=== GIVEN INFORMATION ===
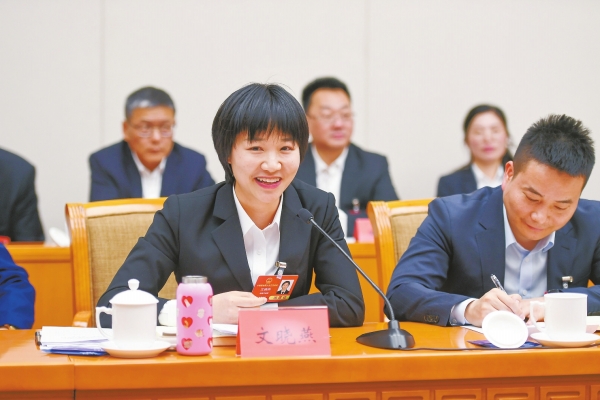 3月7日,文晓燕代表在湖南代表团分组会议上发言。
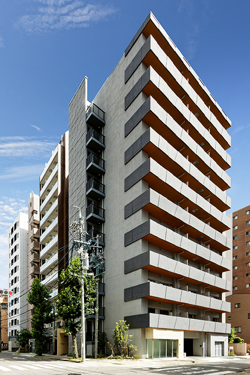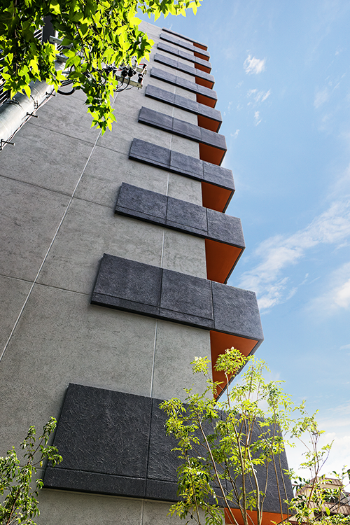周辺に建ち並ぶタイル貼りの共同住宅とは異なり、特殊塗装による外観を採用しました。視覚的な特徴となるバルコニーの積層と西面の凹凸のある仕上げが、時間とともに表情を変える都市の風景を創出することを目指しました。
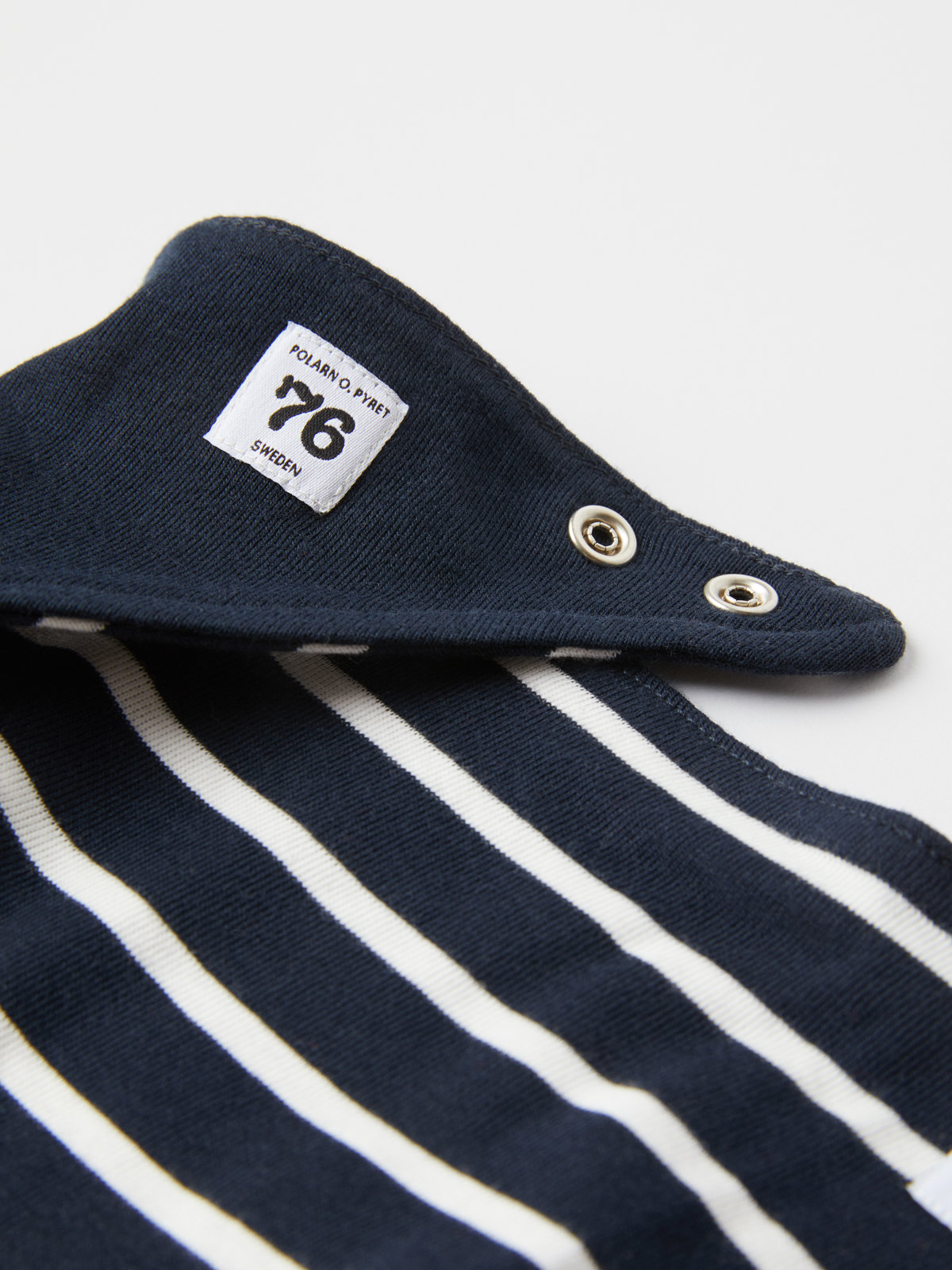 Randig dregellapp som skyddar kläderna och är tillverkad i mjuk ekologisk bomull. Ena sidan har vår klassiska rand och den andra sidan är enfärgad. Storleken i nacken kan regleras med tryckknappar.
===
Give back the full listing verbatim, skipping each picture.

* [RESPONSE AREA]:
 3月7日,文晓燕代表在湖南代表团分组会议上发言。
周辺に建ち並ぶタイル貼りの共同住宅とは異なり、特殊塗装による外観を採用しました。視覚的な特徴となるバルコニーの積層と西面の凹凸のある仕上げが、時間とともに表情を変える都市の風景を創出することを目指しました。
 Randig dregellapp som skyddar kläderna och är tillverkad i mjuk ekologisk bomull. Ena sidan har vår klassiska rand och den andra sidan är enfärgad. Storleken i nacken kan regleras med tryckknappar.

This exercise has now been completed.